API_ALLOW_GROUPBY enables the groupby parameter for SQL GROUP BY clauses. Use API_ALLOW_AGGREGATION alongside it to compute aggregates. Aggregates are expressed by appending a label and function to a field name:

GET /api/books?groupby=author_id&id|book_count__count=1

Cascade deletes

When removing a record, related rows may block the operation. These settings let flarchitect clean up relationships automatically when explicitly requested.

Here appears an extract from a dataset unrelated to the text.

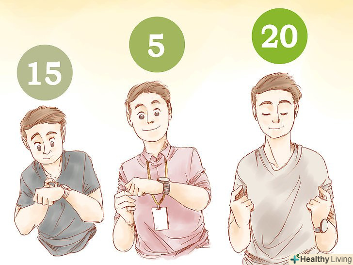 Вирішіть, як довго ви будете медитувати. перед початком Вам слід вирішити, скільки часу ви зможете приділити медитації. Багато практики радять приділяти цьому заняттю 20 хвилин двічі на день, але новачки можуть починати з занять тривалістю в 5 хвилин один раз в день. [6]- Як тільки ви вибрали час для медитації, постарайтеся дотримуватися його кожен день. Не кидайте це заняття, якщо вам здається, що у вас нічого не виходить. Щоб навчитися правильно медитувати, буде потрібно час і практика. Найважливіше для початку-просто не кидати.

API_ALLOW_CASCADE_DELETE permits clients to trigger cascading removal by adding ?cascade_delete=1 to the request. Without this flag or query parameter, deletes that would orphan related records raise 409 Conflict instead of proceeding:

DELETE /api/books/1?cascade_delete=1

class Config:
    API_ALLOW_CASCADE_DELETE = True

API_ALLOW_DELETE_RELATED governs whether child objects referencing the target can be removed automatically. Disable it to require manual cleanup of related rows:

class Book(db.Model):
    class Meta:
        delete_related = False  # API_ALLOW_DELETE_RELATED

API_ALLOW_DELETE_DEPENDENTS covers dependent objects such as association table entries. Turning it off forces clients to delete those records explicitly:

class Book(db.Model):
    class Meta:
        delete_dependents = False  # API_ALLOW_DELETE_DEPENDENTS

See configuration for default values and additional context on these options.

Case conventions

flarchitect can reshape field and schema names to match different case conventions. These options keep the API’s payloads, schemas and endpoints consistent with the style used by your clients.

API_FIELD_CASE

Controls the casing for fields in JSON responses. By default, field names use snake case. Setting API_FIELD_CASE changes the output to match other naming styles:

class Config:
    API_FIELD_CASE = "camel"

{
    "statusCode": 200,
    "value": {
        "publicationDate": "2024-05-10"
    }
}

Switching to kebab case instead renders the same field as publication-date. Supported options include snake, camel, pascal, kebab and screaming_snake.

API_SCHEMA_CASE

Defines the naming convention for generated schema names in the OpenAPI document. The default, camel, produces schema identifiers such as apiCalls. Other styles are also available:

class Config:
    API_SCHEMA_CASE = "screaming_snake"

{
    "components": {
        "schemas": {
            "API_CALLS": {
                "...": "..."
            }
        }
    }
}

Interplay with API_ENDPOINT_CASE

API_ENDPOINT_CASE controls the casing of the generated URL paths. To maintain a consistent style across paths, schemas and payloads, combine API_ENDPOINT_CASE with the appropriate API_FIELD_CASE and API_SCHEMA_CASE values. For example, selecting kebab endpoint casing pairs naturally with kebab field names.

Callbacks, validators and hooks

flarchitect offers several extension points for tailoring behaviour beyond configuration files. These hooks let you alter request handling, apply additional field validation and tweak responses on a per-route basis.

Response callbacks

Return callbacks run after database operations but before the response is serialised. Use them to adjust the output or append metadata.

from datetime import datetime

def add_timestamp(model, output, **kwargs):
    output["generated"] = datetime.utcnow().isoformat()
    return {"output": output}

class Config:
    API_GET_RETURN_CALLBACK = add_timestamp

See flarchitect.core.routes.create_route_function() for details on how responses are constructed.

Custom validators

Attach validators to SQLAlchemy columns via the info mapping. Validators are looked up in flarchitect.schemas.validators and applied automatically.

class User(db.Model):
    email = db.Column(
        db.String,
        info={"validator": "email", "validator_message": "Invalid email"},
    )

See Validation for the full list of available validators.

Per-route hooks

Execute custom logic before or after a specific route by defining setup or return callbacks in configuration or on a model’s Meta class.

from flask import abort
from flask_login import current_user

def ensure_admin(model, **kwargs):
    if not current_user.is_admin:
        abort(403)
    return kwargs

class Book(db.Model):
    class Meta:
        post_return_callback = add_timestamp

class Config:
    API_POST_SETUP_CALLBACK = ensure_admin

For more examples see the Callbacks page.